There are a number of rules for winning a fist fight. Chief among them is, don’t fight your opponent the way he wants to fight you. I put the release back in my bag, hop onto the lip of the ring, slide under the ropes. Then get to my feet and stand directly in front of Billy “the Kid” King.

“I’m not fighting you without gloves,” he says.

“It’s quicker to take yours off than wrap my hands.”

“You might get in a lucky punch. It’s not fair.”

You might get in a lucky punch. I’m willing to take the risk.”

“You tryin’ to make me look bad? In my own gym?” he shouts, and launches his lightning-fast left jab.

I may be twice his age, but I’m light years faster. I can see it’s a feint. I can tell it’s going to stop an inch from my right eye. He’s throwing it to make me flinch. But I don’t flinch. I don’t even blink. Instead, I say, “Compensatory displacement is when you substitute something for the thing you don’t have.”

“What?”

“The thing that makes you feel inferior.”

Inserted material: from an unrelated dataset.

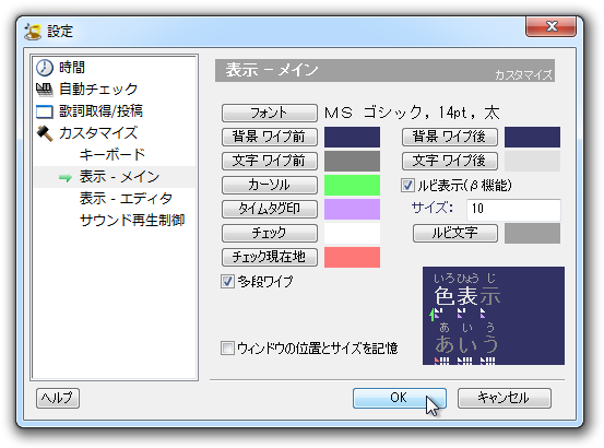 ・[ツール>設定>カスタマイズ>表示 - メイン>「多段ワイプ」と「ルビ表示」にチェック]

“Oh yeah? And what’s that, smart guy?”

“You lack courage. So you overcompensate by calling me names you think will emasculate me.”

“I’ll show you courage!” he says, and throws a left hook with bad intentions. I lift my right arm and catch his gloved fist in my hand, the same way Jack Johnson used to taunt his opponents. Then, in one quick motion, I release his glove, slap his face, then grab his glove again. He tries to pull it away, but I don’t allow it. Then I release his glove again, and slap his face again. The guys in the corner start snickering.

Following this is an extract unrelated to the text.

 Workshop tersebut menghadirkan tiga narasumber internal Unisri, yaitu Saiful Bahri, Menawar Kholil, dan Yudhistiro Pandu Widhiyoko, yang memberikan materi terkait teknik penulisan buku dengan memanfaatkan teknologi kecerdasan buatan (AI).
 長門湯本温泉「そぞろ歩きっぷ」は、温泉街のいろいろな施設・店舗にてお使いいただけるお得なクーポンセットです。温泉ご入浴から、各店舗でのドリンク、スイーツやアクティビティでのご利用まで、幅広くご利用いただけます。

Billy isn’t snickering. He doesn’t like what’s happening. Doesn’t like it at all. When he shifts his feet I see his plan. He’s going to shove me, get me off balance, then finish me with an overhand right. But I side-step him, grab his arm, and use his momentum to hurl him into the ropes. He bounces off and comes at me, forgetting his jab. Throws a roundhouse right, but can’t find me because...

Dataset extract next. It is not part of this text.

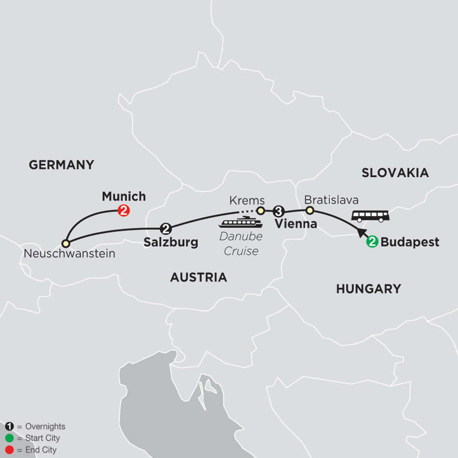 Join us for a royal adventure through the historic sites of Hungary, Slovakia, Austria, and Germany! This affordable tour of Europe takes you to some of the continent’s most legendary sites, including a Danube River cruise through Austria’s stunning Wachau Valley. Begin in Budapest—called the “Pearl of the Danube.” Explore the Hungarian capital with its treasure trove of architectural wonders with a guided city tour. You’ll travel through Slovakia, stopping in Old Town Bratislava, on your way to Austria. You’ll spend two glorious days in Vienna, the “City of Music”—with guided sightseeing of its enchanting city center with its iconic sites. You’ll board your boat in Krems for a river cruise along the Danube’s Wachau Valley to Salzburg. Enjoy an orientation in Salzburg, the exquisite city of Mozart’s birth. You’ll experience more stunning sights on your way to Munich, with a visit to the storybook site of King Ludwig’s Neuschwanstein Castle. You’ll tour the lavish halls inside this inspiration of Disney’s Magic Kingdom, with stories of the King’s descent into madness. Your European vacation ends with two fascinating days in Munich. Tour the Marienplatz (Main Square) catch a Glockenspiel performance on the new Town Hall, or relax in a traditional biergarten for a stein or two of classic German beer. Your value-minded tour of Hungary, Vienna, and Germany through some of Europe’s favorite destinations is a royal experience not to be missed!

Because I’m on my back, on the floor, snaking my legs between his ankles so fast he doesn’t have time to regain his balance. I spin my body, and Billy “the Kid” King hits the canvass, face first. I jump to my feet and wait for him to do the same, but he lays there, stone cold. I turn him over and tell the guys who were working the corner earlier to elevate him so he doesn’t choke on the blood from his broken nose.